▶ _The records_

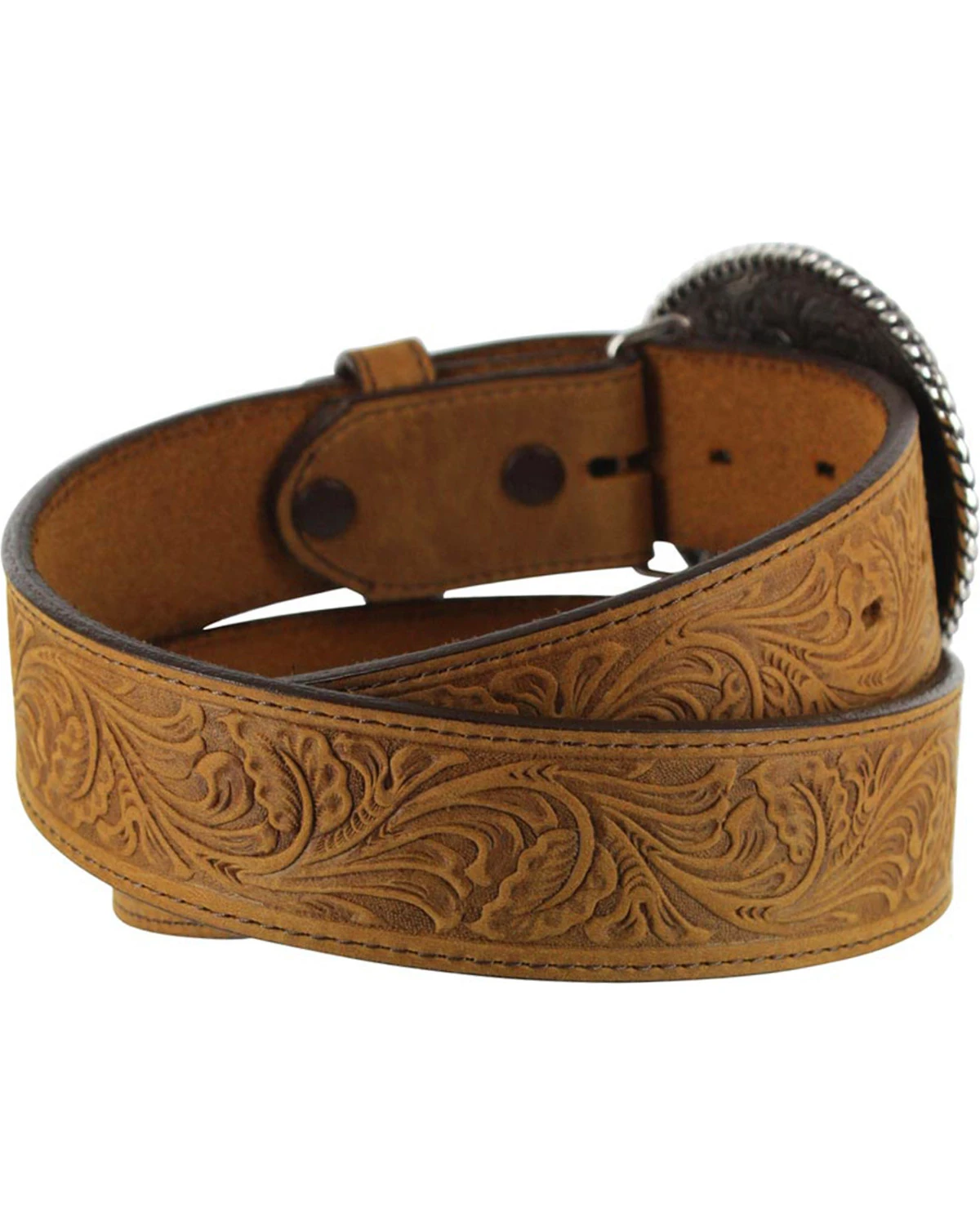 - Silver floral scrolling on buckle
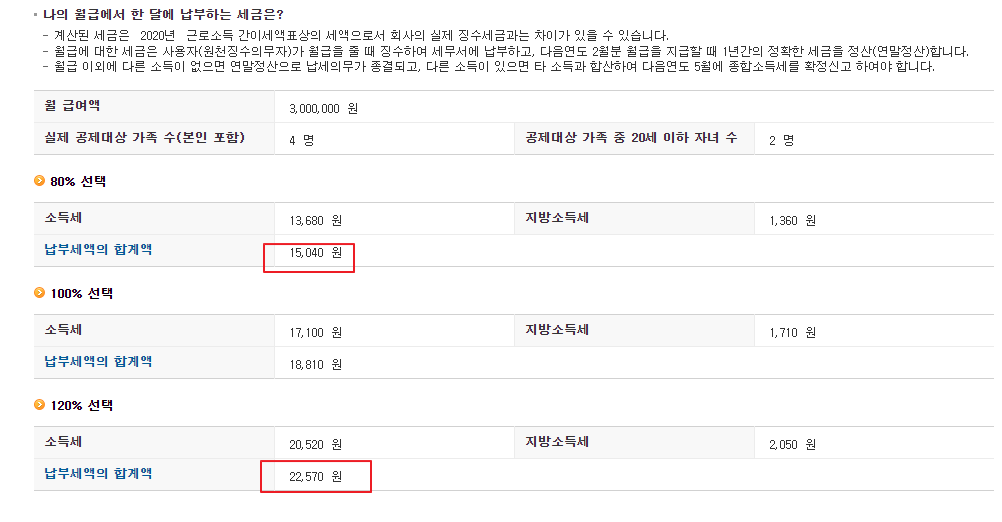 여러분들도 한번 각자 급여와 가족수, 20세미만 자녀수를 입력하고 계산을 해보세요.
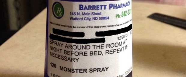 Una farmacia del Nord Dakota ha trovato la cura per le parure di un bambino di sei anni che non riusciva a dormire perché aveva paura che ci fossero dei mostri nella sua stanza: i farmacisti hanno preparato uno spray colorato ed etichettato come “spray contro i mostri”, con tanto di istruzioni per l’uso.
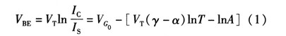 式中VG為帶隙電壓,γ和α為器件參數(shù),A代表了那些方程推到過程中與溫度無關的常量。因為Vt=kt/q,可以得到VBE隨溫度上升是降低的。其關于溫度變化的方程為
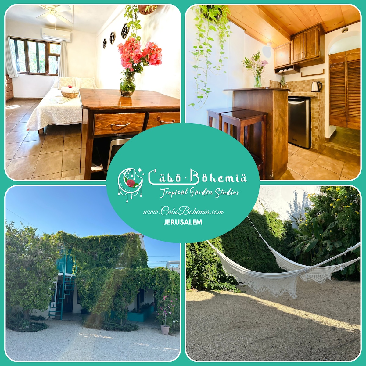 Spacious and super clean unique APARTMENT (220 sq ft) in a unique tropical garden oasis in the heart of downtown (don’t get exiled to the middle of a barrio!) 5 minute walk to marina and 15 to the beach. FREE parking, private bathroom, large closet, memory foam mattress, iron, blackout curtains and room safe. Fully equipped private kitchen. Coffee maker, electric kettle and coffee & tea provided. Shampoo, soap, body lotion and antibacterial *Tv only has Netflix and YouTube TV size: 72 cm X 42 cm
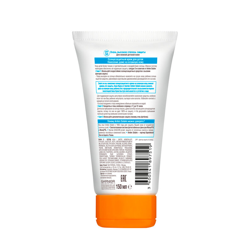 GARNIER Ambre Solaire детский солнцезащитный аква-крем SPF 50, 150 мл
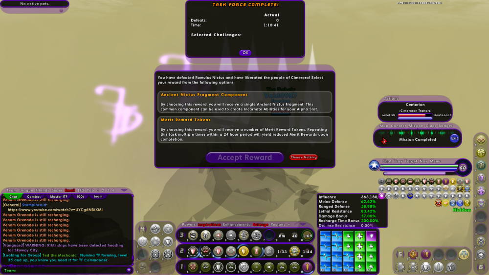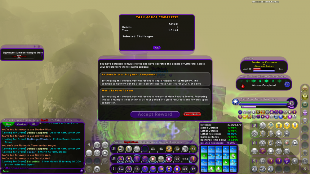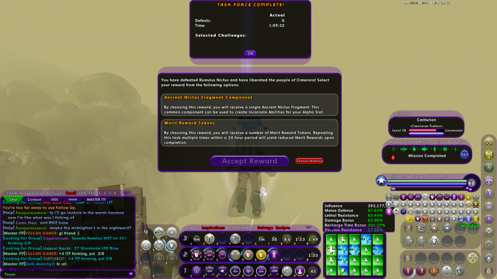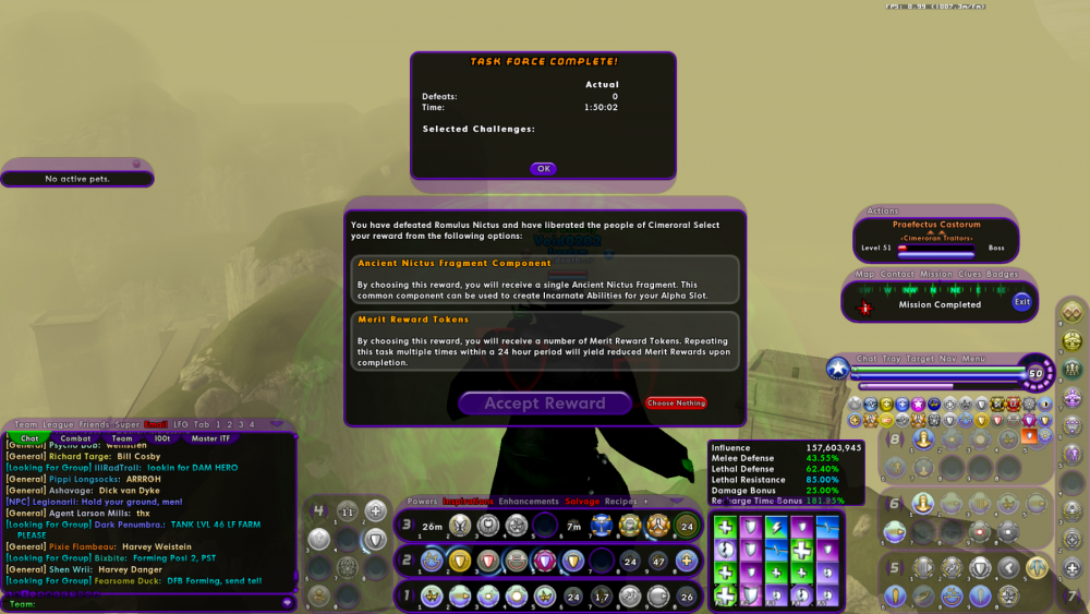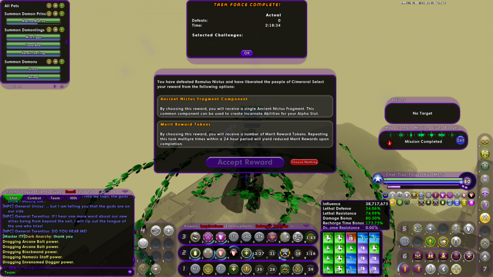 Solo ITF Completion With Mastermind This time, a solo ITF completion with a Mastermind. Demon Summoning/Nature Affinity. Standard +0/X8 settings. Nothing special, because I'm not special. As it turned out, my original plan to use Thugs/Storm fell through once I saw the Demon/Nature build mature. It looked strong. Turns out, it is an extremely durable build, even without using Bodyguard. MM can be tanky by itself, but when it's stacked with Nature, it becomes as durable as a typical Invulnerability tank. Seriously cool. Random, liberal use of some P2W powers to expedite the process, because most MM builds, and especially this one, don't leave room for too many personal attacks. As always, these are clean runs with no deaths tolerated. However, I came as close as ever to getting swarmed a few times, but that durability really helped. So did, at some points, being able to summon and re-summon tons of demons. I did run almost all of the major temp powers (including, at times, the Wedding Band), with the main four accolades in effect, and with all Incarnate powers at Tier 3 (except for Clarion; I kept it at Tier 1). Tactics/Strategy: Directly target the mobs surrounding the chicks on the first map. Upon exiting that map, directly fly up and over to the Sybil and engage the mobs around her. Doing this directly sometimes fools the encounter logic, causing the Kheldian ambush to fail. This time, it didn't, but, even with all demons dead, I easily was able to survive long enough for the altar consultation and pass the level. On the final maps, fly to the AVs immediately, and wipe them out. Kill the auto-hit Nictus first. Then, proceed in reverse to clear the objects. You know the rest of the minutiae here. And, yes, these tactics still fit into the overall strategy. There was a single, very close case of DDR. Had I not been able to fly, I would have been toast. I used Mystic Flight the entire time and remained in hover mode. I paid special attention, especially in the caves, to hover above casual melee contact. Like, at the top of the cave, looking down. There was virtually no down time on button pattern sequencing. All totally smooth the whole run. If you're patient enough, this build can take out virtually anything. The Quest continues... The growing list: ITF Solo 0/8 ITF: Void1001 SD/EM Tanker Void0110 SD/SS Tanker Void2222 FB/INV Sentinel Void9100 DM/SD Scrapper Void7227 RM/SD Brute Void7722 StJ/EnA Stalker Void0777 TM/FB Defender Void 0077 WB/AM Blaster Void3322 FB/TM Corruptor Void9933 PC/PA Dominator Void9998 Arachnos Widow Void0987 Arachnos Soldier Void6661 Mastermind The Build:
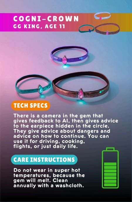 There is a camera in the gem that gives feedback to AI, then gives advice to the earpiece hidden in the circle. They give advice about dangers and advice on how to continue. You can use it for driving, cooking, flights, or just daily life.
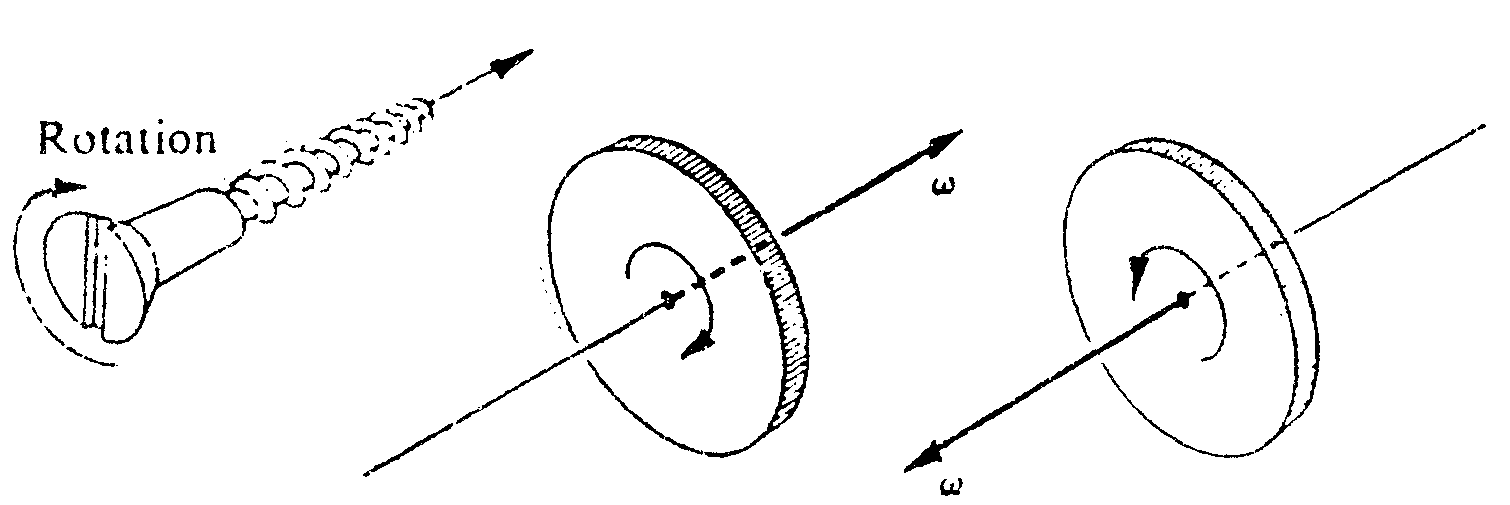 Dabei muß einmal eine Konvention gefunden werden, in welche Richtung die Winkelgeschwindigkeit positiv definiert wird. Man einigte sich hier darauf, daß die Drehrichtung und der Vektor der Winkelgeschwindigkeit eine Rechtsschraube bilden:

▶ _What is needed_
A word-for-word retyping of the material above is expected, without pictures.

▶ _Exercise output_
 - Silver floral scrolling on buckle
 여러분들도 한번 각자 급여와 가족수, 20세미만 자녀수를 입력하고 계산을 해보세요.
 Una farmacia del Nord Dakota ha trovato la cura per le parure di un bambino di sei anni che non riusciva a dormire perché aveva paura che ci fossero dei mostri nella sua stanza: i farmacisti hanno preparato uno spray colorato ed etichettato come “spray contro i mostri”, con tanto di istruzioni per l’uso.
 式中VG為帶隙電壓,γ和α為器件參數(shù),A代表了那些方程推到過程中與溫度無關的常量。因為Vt=kt/q,可以得到VBE隨溫度上升是降低的。其關于溫度變化的方程為
 Spacious and super clean unique APARTMENT (220 sq ft) in a unique tropical garden oasis in the heart of downtown (don’t get exiled to the middle of a barrio!) 5 minute walk to marina and 15 to the beach. FREE parking, private bathroom, large closet, memory foam mattress, iron, blackout curtains and room safe. Fully equipped private kitchen. Coffee maker, electric kettle and coffee & tea provided. Shampoo, soap, body lotion and antibacterial *Tv only has Netflix and YouTube TV size: 72 cm X 42 cm
 GARNIER Ambre Solaire детский солнцезащитный аква-крем SPF 50, 150 мл
 Solo ITF Completion With Mastermind This time, a solo ITF completion with a Mastermind. Demon Summoning/Nature Affinity. Standard +0/X8 settings. Nothing special, because I'm not special. As it turned out, my original plan to use Thugs/Storm fell through once I saw the Demon/Nature build mature. It looked strong. Turns out, it is an extremely durable build, even without using Bodyguard. MM can be tanky by itself, but when it's stacked with Nature, it becomes as durable as a typical Invulnerability tank. Seriously cool. Random, liberal use of some P2W powers to expedite the process, because most MM builds, and especially this one, don't leave room for too many personal attacks. As always, these are clean runs with no deaths tolerated. However, I came as close as ever to getting swarmed a few times, but that durability really helped. So did, at some points, being able to summon and re-summon tons of demons. I did run almost all of the major temp powers (including, at times, the Wedding Band), with the main four accolades in effect, and with all Incarnate powers at Tier 3 (except for Clarion; I kept it at Tier 1). Tactics/Strategy: Directly target the mobs surrounding the chicks on the first map. Upon exiting that map, directly fly up and over to the Sybil and engage the mobs around her. Doing this directly sometimes fools the encounter logic, causing the Kheldian ambush to fail. This time, it didn't, but, even with all demons dead, I easily was able to survive long enough for the altar consultation and pass the level. On the final maps, fly to the AVs immediately, and wipe them out. Kill the auto-hit Nictus first. Then, proceed in reverse to clear the objects. You know the rest of the minutiae here. And, yes, these tactics still fit into the overall strategy. There was a single, very close case of DDR. Had I not been able to fly, I would have been toast. I used Mystic Flight the entire time and remained in hover mode. I paid special attention, especially in the caves, to hover above casual melee contact. Like, at the top of the cave, looking down. There was virtually no down time on button pattern sequencing. All totally smooth the whole run. If you're patient enough, this build can take out virtually anything. The Quest continues... The growing list: ITF Solo 0/8 ITF: Void1001 SD/EM Tanker Void0110 SD/SS Tanker Void2222 FB/INV Sentinel Void9100 DM/SD Scrapper Void7227 RM/SD Brute Void7722 StJ/EnA Stalker Void0777 TM/FB Defender Void 0077 WB/AM Blaster Void3322 FB/TM Corruptor Void9933 PC/PA Dominator Void9998 Arachnos Widow Void0987 Arachnos Soldier Void6661 Mastermind The Build:
 There is a camera in the gem that gives feedback to AI, then gives advice to the earpiece hidden in the circle. They give advice about dangers and advice on how to continue. You can use it for driving, cooking, flights, or just daily life.
 Dabei muß einmal eine Konvention gefunden werden, in welche Richtung die Winkelgeschwindigkeit positiv definiert wird. Man einigte sich hier darauf, daß die Drehrichtung und der Vektor der Winkelgeschwindigkeit eine Rechtsschraube bilden:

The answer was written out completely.